Take a cue from yesteryear and give your cocktails a vintage twist.

Christina Nihira December 21st, 2011

Who better to provide some insight about retro libations than Amy Nelms, head bartender at the Skirvin Hilton Hotel’s Red Piano Lounge?

The longtime barkeep extraordinaire recently helped the downtown property celebrate its centennial by showcasing cocktails popularized throughout the 20th century.

According to Nelms, long-forgotten spirits are once again in vogue, not just at the hotel’s swanky piano bar where she works, but as a general beverage trend. She said the holidays offer the perfect chance to stir up a lot of spirit for office parties and family occasions.

“Cocktails are super popular,” said Nelms. “Some you can’t find [mixed] anywhere else [except in a bar].”

The holidays provide countless occasions to entertain. Sipping on distinctive cocktails makes for a unique — as well as pleasurable — experience for most guests. The Barbary Coast, old fashioned, Moscow mule and sidecar are just a few resurrected drinks. Other more modern tastes might be a tequila sunrise, Black Russian or golden Cadillac.

right, Amy Nelms of Red Piano Lounge shows us the Poinsettia and an old fashioned.

Inspired bartenders such as Nelms also craft flavored vodkas into signature house specialties. At the Skirvin, for example, an ornate vessel containing the hotel’s own house-infused vodka sits unobtrusively on the bar counter. At first glance, the mostly clear liquid looks harmless. Upon closer observation, you’ll see the hot and spicy peppercorns dancing on the bottom of the carafe.

Most people, however, prefer the security of classic beverages.

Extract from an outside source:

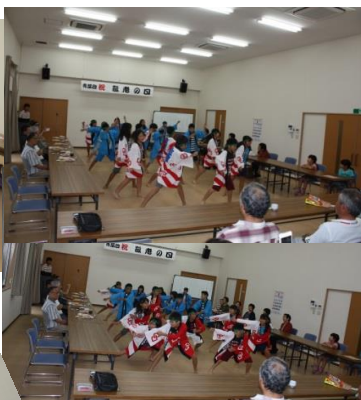
ハッピー姿で“や~れんそ~らん”板についてきましたね!

The late 1940s brought the Negroni. One of the earliest reports about this drink, made with gin, Campari and vermouth, came from Orson Welles while working in Rome. “The bitters are excellent for your liver; the gin is bad for you,” said the filmmaker. “They balance each other.”

The brandy ice, made with brandy, crème de cacao and vanilla ice cream, is another favorite. It is rumored to have been invented by former Skirvin owner Dan James. The red carpet also arrived around this time. It contains vodka, cranberry and lime juices. Perhaps this can be considered a precursor to the ever-popular Cosmopolitan?

“This all has to do with the old, classic style,” Nelms said.

Amy Nelm’s Vintage Holiday Cocktail Menu

Poinsettia
½ ounce Cointreau or triple sec
champagne
3 ounces cranberry juice
Chill all of the ingredients beforehand. Pour the Cointreau and cranberry juice into a chilled champagne flute. Stir well.

Old Fashioned
2 ½ ounces whiskey
5 dashes angostura bitters
orange slice, cherries
2 teaspoons simple sugar
Muddle to perfection.
 
Mint Chocolate-Chip Martini
1 ounce vodka
½ ounce white crème de menthe
½ ounce white crème de cacao
Pour ingredients into shaker filled with ice. Pour into chilled martini glass.
Garnish with chocolate stick and mint sprig.